Reuters :
Ukrainian President Volodymyr Zelensky said that he expects a positive response on Wednesday from Western allies in Brussels to his requests for a rapid increase in military aid as the country’s cities faced more Russian missile strikes.
After intense Russian missile attacks, Zelensky appealed to the leaders of the Group of Seven nations on Tuesday for more air defense capabilities as the G7 vowed to support Kyiv for “as long as it takes.”
A US-led coalition of some 50 countries known as the Ukraine Defence Contact Group will meet in Brussels on Wednesday on the sidelines of a NATO defense ministers meeting.
“I am anticipating from our partners progress on matters of anti-aircraft and anti-missile defenses and agreements on new supplies of different weapons and ammunition vital for us,” Zelensky said in an evening address on Tuesday.
The Ukrainian military, which has recaptured significant territory from Russian forces in the past month, said on Tuesday night that Russian missile strikes had damaged more than 10 cities, including Lviv, Bakhmut, Avdiivka and Zaporizhzhia. Air raid sirens wailed earlier across the country for a second day.
“Over the past 24 hours, the occupiers have again resorted to mass missile strikes — more than 30 cruise missiles, seven air strikes and 25 instances of shelling,” Ukraine’s armed forces said.
The Ukrainian command said its forces killed more than 100 Russian troops in the southern Kherson region. Reuters could not independently verify the battlefield reports.
The activity on Tuesday was less intense than the day before when dozens of strikes killed 19 people, wounded more than 100 and knocked out power across the country in Moscow’s biggest aerial offensive since the start of its invasion on February 24.
More missile strikes on Tuesday killed seven people in the southeastern Ukrainian town of Zaporizhzhia, a presidential aide said, and left part of the western city of Lviv without power, according to local officials.
Ukrainian Defense Minister Oleksii Reznikov celebrated the arrival from the United States of what he said were four additional High Mobility Artillery Rocket System (HIMARS) launchers, whose accuracy and longer range have allowed Ukraine to reduce Russia’s artillery advantage and fueled the country’s recent counter-offensive.

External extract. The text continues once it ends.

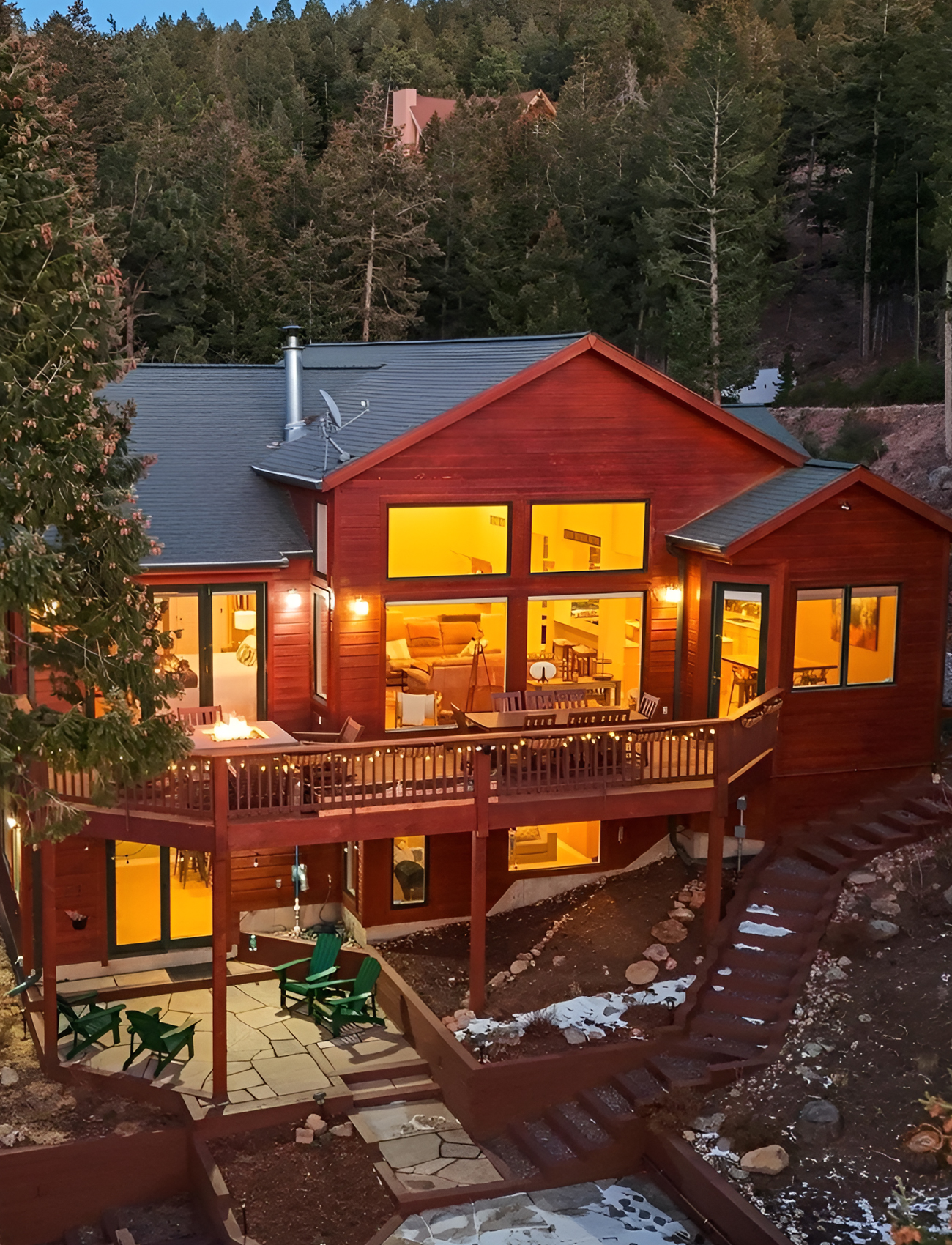This house has a rich, glowing presence, especially at dusk. The reddish wood siding catches the light beautifully and makes the whole home feel warm from a distance. Against the rocky, wooded slope, that warmth feels inviting and strong.

“HIMARS time,” he wrote on Twitter, was a “good time for Ukrainians and bad time for the occupiers.”
Ukraine on Tuesday received the first of four IRIS-T air defense systems Germany promised to supply, a German defense ministry source said. The United States said it was speeding up the shipment of sophisticated NASAMS air defenses to Ukraine. Washington has already provided more than $16.8 billion worth of security aid to Ukraine during the war.